From mboxrd@z Thu Jan  1 00:00:00 1970
Return-Path: <zsh-workers-return-10016-mason-zsh=primenet.com.au@sunsite.auc.dk>
Received: (qmail 21217 invoked from network); 9 Mar 2000 12:26:19 -0000
Received: from sunsite.auc.dk (130.225.51.30)
  by ns1.primenet.com.au with SMTP; 9 Mar 2000 12:26:19 -0000
Received: (qmail 13559 invoked by alias); 9 Mar 2000 12:25:42 -0000
Mailing-List: contact zsh-workers-help@sunsite.auc.dk; run by ezmlm
Precedence: bulk
X-No-Archive: yes
X-Seq: 10016
Received: (qmail 13546 invoked from network); 9 Mar 2000 12:25:41 -0000
Date: Thu, 9 Mar 2000 13:01:32 +0100 (MET)
Message-Id: <200003091201.NAA25784@beta.informatik.hu-berlin.de>
From: Sven Wischnowsky <wischnow@informatik.hu-berlin.de>
To: zsh-workers@sunsite.auc.dk
In-reply-to: "Bart Schaefer"'s message of Wed, 8 Mar 2000 07:30:38 +0000
Subject: Re: Bogus "no such job" (Re: Preliminary release of 3.0.8 - please test)


Bart Schaefer wrote:

> On Mar 3,  2:55am, Geoff Wing wrote:
> } Subject: Re: Preliminary release of 3.0.8 - please test
> }
> } Bart Schaefer <schaefer@candle.brasslantern.com> typed:
> } :On Feb 29, 10:33am, Geoff Wing wrote:
> } :} Subject: Re: Preliminary release of 3.0.8 - please test
> } :} After some initial usage, got it into a state of:
> } :} % %
> } :} fg: no such job: 3
> } :} % %%
> } :} fg: no such job: 3
> } :} % fg
> } :} fg: no current job
> } :} % jobs
> } :} %
> } :Hrm.  The job handling code is now identical to 3.1.6-dev-19, so if you
> } :can get 3.0.8 into that state theres a problem for 3.1.6 as well.
> } 
> } I'm thinking that getjob() may need a setcurjob() before it checks curjob.
> 
> Since Sven has been incommunicado for a couple of days, I tried to look
> into this myself in more detail.  The only two places where getjob() is
> called are from bin_kill(), and from bin_fg() *after* the setcurjob()
> that you noted.
> 
> I can believe that a race condition might cause "no such job: 3" once,
> but twice in a row is impossible.  So the only possible answer is that
> the one and only job has STAT_NOPRINT set but *not* STAT_SUBJOB, which
> in turn happens only at exec.c:768 and 806 (in 3.0.8; in 3.1.6-dev-19,
> exec.c:993 and 1031), both in execpline().  See jobs.c:setprevjob(),
> which is called from setcurjob().

The one in 1031 isn't interesting here, it only makes the sub-shells
created for stopped lists not report their jobs (list_pipe_child is
non-zero only in those sub-shells).

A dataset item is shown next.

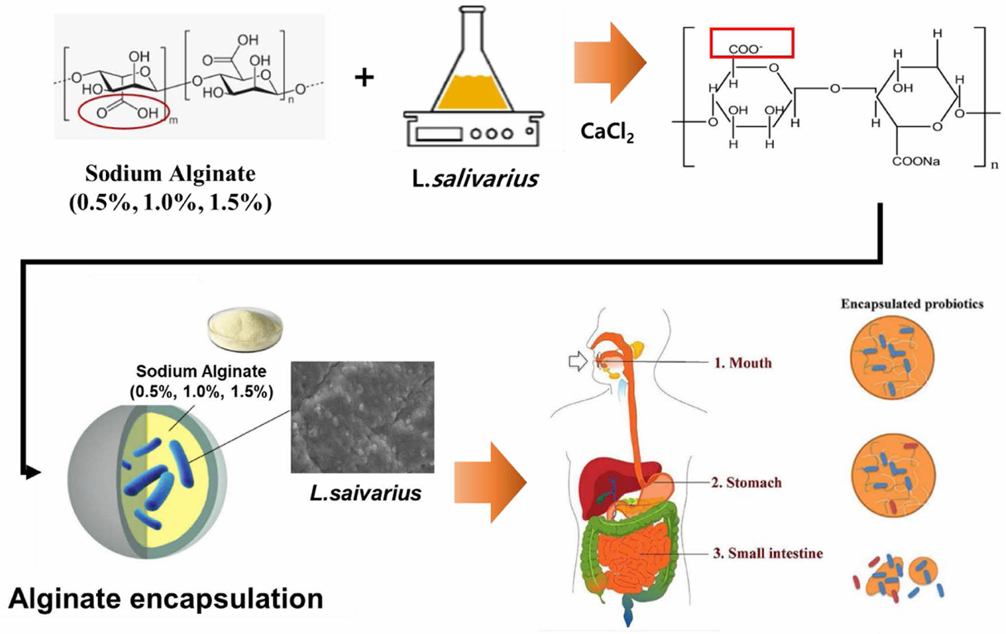 본 연구의 목적은 소화과정에서의 L. salivarius의 생존율을 높이고, 피해를 줄이기위해 알긴산을 이용해 캡슐화 하였을 때 위액과 장액에서 캡슐의 강도 변화를 조사하여, 위장관에서의 특성을 확인하고, 유산균 캡슐화하였을 때 장내 생존율을 조사하여 알긴산 캡슐의 효율을 평가하고자 한다(Figure 1).
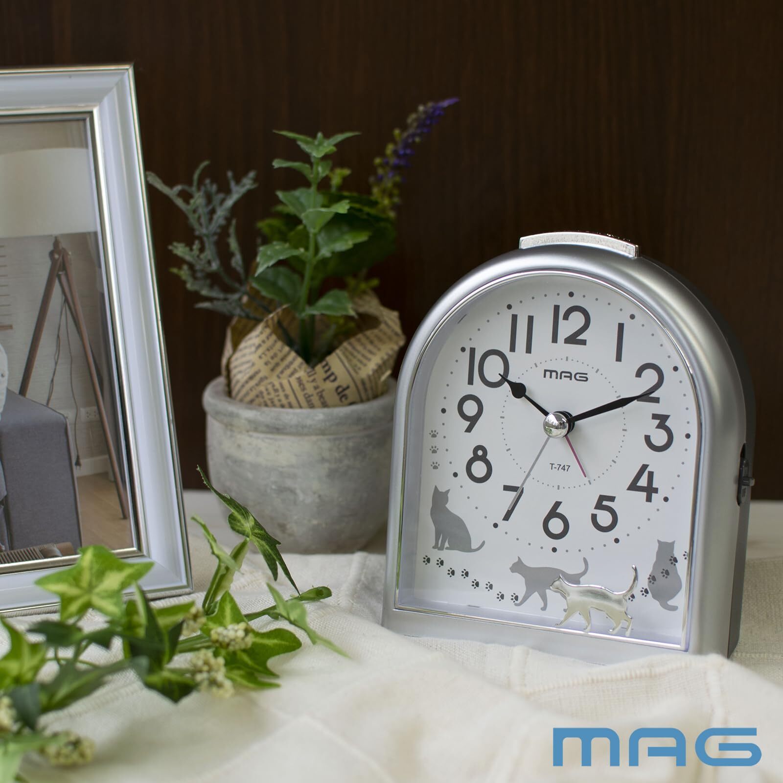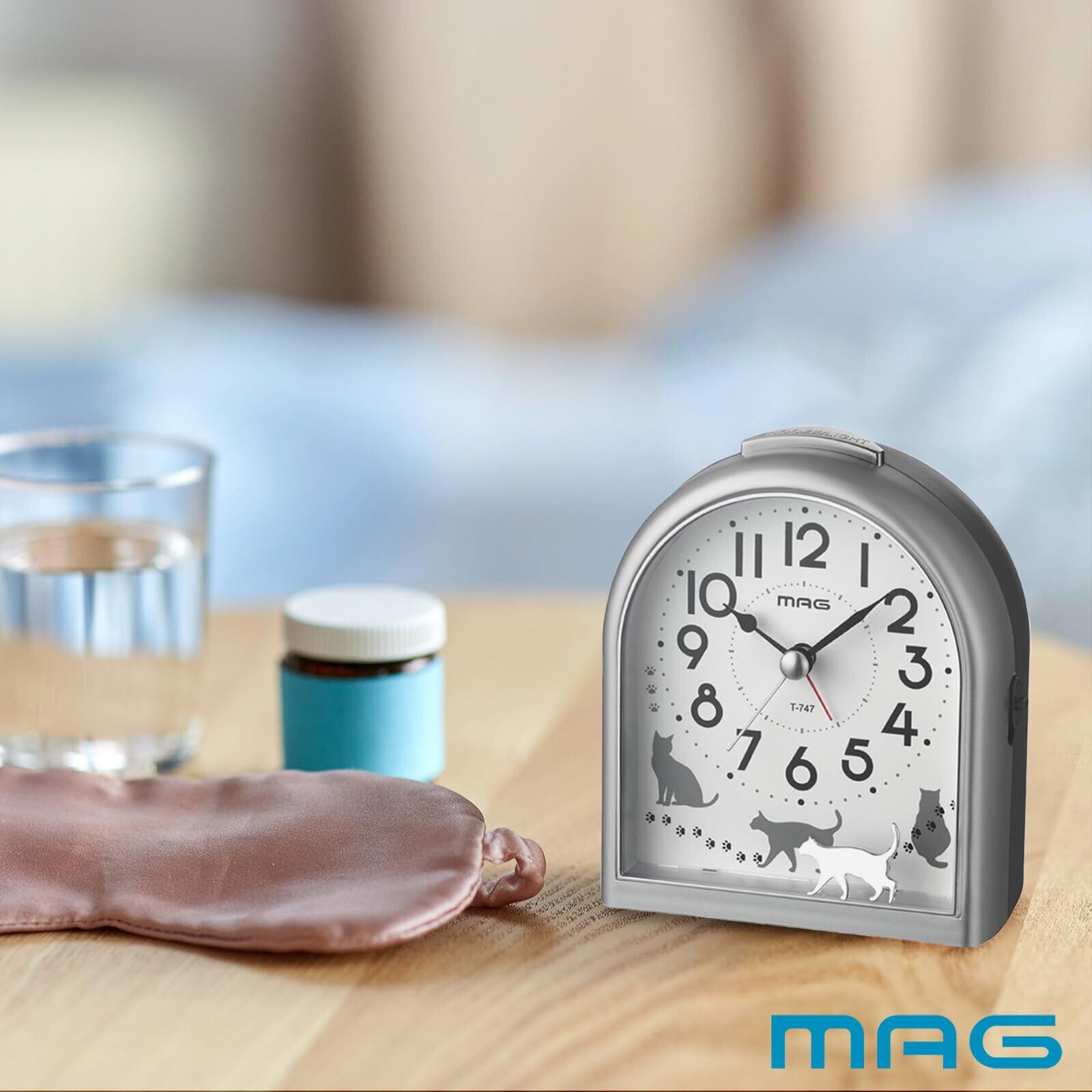 MAG(マグ) 目覚まし時計 置き時計 アナログ ねこ ネコ 動物 かわいい 子供 静音 連続秒針 電子音 アラーム スヌーズ ライト シルバー ミグレイト T-747 SM-Z ノア精密

Leaves us with the one in 993.
This is used to make sure that jobs started for commands which are
not the first one in a pipeline and jobs started from some kind of 
pipeline nesting (e.g. in a loop in a pipeline) are not shown.

Given that, your suggestion:

> Now, it may be that the right solution is to have setprevjob() ignore
> jobs that have STAT_NOPRINT set, but I wouldn't want that to mask some
> more serious job-state problem.  If you have any insights, share 'em.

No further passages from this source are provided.